During normal aging, oxidative DNA damage in the brain accumulates in the promoters of genes involved in learning and memory, as well as in genes involved in neuronal survival.[34] Oxidative DNA damage includes DNA single-strand breaks which can give rise to DNA double-strand breaks (DSBs).[35] DSBs accumulate in neurons and astrocytes of the hippocampus and frontal cortex at early stages and during the progression to Alzheimer's disease, a process that could be an important driver of neurodegeneration and cognitive decline.[36]

Prevention and treatment

[edit]

Various actions have been suggested to prevent memory loss or even improve memory.

The Mayo Clinic has suggested seven steps: stay mentally active, socialize regularly, get organized, eat a healthy diet, include physical activity in one's daily routine, and manage chronic conditions.[37] Because some of the causes of memory loss include medications, stress, depression, heart disease, excessive alcohol use, thyroid problems, vitamin B12 deficiency, not drinking enough water, and not eating nutritiously, fixing those problems could be a simple, effective way to slow down dementia. Some say that exercise is the best way to prevent memory problems, because that would increase blood flow to the brain and perhaps help new brain cells grow.
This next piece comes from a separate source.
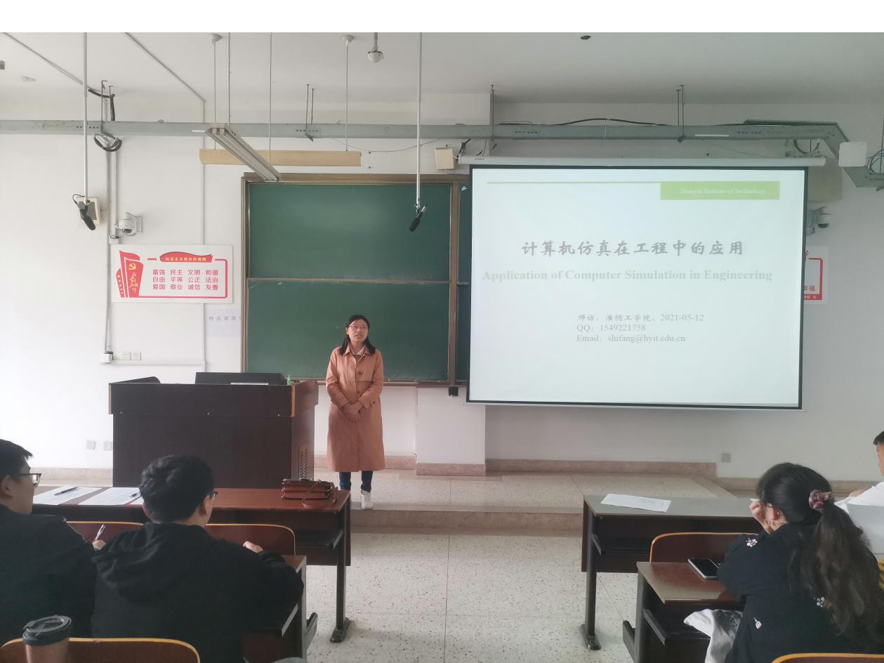 师访老师从“有限元工程应用——机械行业”、“工程应用——土木,矿业”、“有限元软件ANSYS”、“流体动力学仿真CFD”、“分子动力学仿真”、“天体物理学仿真”、“EDA电子设计自动化软件”七个方面为同学们展示了计算机仿真在实际生活中与实际工程中的应用方式及作用。他通过展示空调外机支架、战斗机构造等计算机仿真建模图片以及汽车碰撞、小球入水等计算机仿真视频,激发同学们的兴趣,着重强调计算机仿真是当今世界上极具竞争力的专业,且具有良好的发展前景,并举例美国安捷伦科技、中国恒为科技等优秀公司,为同学们的日后发展提供了建设性的建议。

The treatment will depend on the cause of memory loss, but various drugs to treat Alzheimer's disease have been suggested in recent years. There are four drugs currently approved by the Food and Drug Administration (FDA) for the treatment of Alzheimer's, and they all act on the cholinergic system: Donepezil, Galantamine, Rivastigmine, and Tacrine. Although these medications are not the cure for Alzheimer's, symptoms may be reduced for up to eighteen months for mild or moderate dementia. These drugs do not forestall the ultimate decline to full Alzheimer's.[38]
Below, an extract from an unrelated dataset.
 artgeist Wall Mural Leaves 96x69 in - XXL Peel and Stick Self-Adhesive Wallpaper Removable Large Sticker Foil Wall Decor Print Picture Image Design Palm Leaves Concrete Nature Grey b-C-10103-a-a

Also, modality is important in determining the strength of the memory. For instance, auditory creates stronger memory abilities than visual. This is shown by the higher recency and primacy effects of an auditory recall test compared to that of a visual test. Research has shown that auditory training, through instrumental musical activity or practice, can help preserve memory abilities as one ages. Specifically, in Hanna-Pladdy and McKay's experiment, they tested and found that the number of years of musical training, all things equal, leads to a better performance in non-verbal memory and increases the life span on cognition abilities in one's advanced years.[39]

Caregiving

[edit]

By keeping the patient active, focusing on their positive abilities, and avoiding stress, these tasks can easily be accomplished. Routines for bathing and dressing must be organized in a way so that the individual still feels a sense of independence. Simple approaches such as finding clothes with large buttons, elastic waist bands, or Velcro straps can ease the struggles of getting dressed in the morning. Further, finances should be managed or have a trusted individual appointed to manage them. Changing passwords to prevent over-use and involving a trusted family member or friend in managing accounts can prevent financial issues. When household chores begin to pile up, find ways to break down large tasks into small, manageable steps that can be rewarded. Finally, talking with and visiting a family member or friend with memory issues is very important. Using a respectful and simple approach, talking one-on-one can ease the pain of social isolation and bring much mental stimulation.[40] Many people who experience memory loss and other cognitive impairments can have changes in behaviors that are challenging to deal with for care givers. See also Caregiver stress. To help caregivers should learn different ways to communicate and to deescalate possibly aggressive situations. Because decision-making skills can be impaired, it can be beneficial to give simple commands instead of asking multiple questions. See also Caring for People with Dementia.[41] Caregiving can be a physically, mentally, and emotionally taxing job to take on. A caregiver also needs to remember to care for themselves, taking breaks, finding time to themselves and possibly joining a support group are a few ways to avoid burnout.[41]

Domains of memory spared vs. affected

[edit]

In contrast, implicit, or procedural memory, typically shows no decline with age.[42] Other types of short-term memory show little decline,[9] and semantic knowledge (e.g. vocabulary) actually improves with age.[43] In addition, the enhancement seen in memory for emotional events is also maintained with age.[44]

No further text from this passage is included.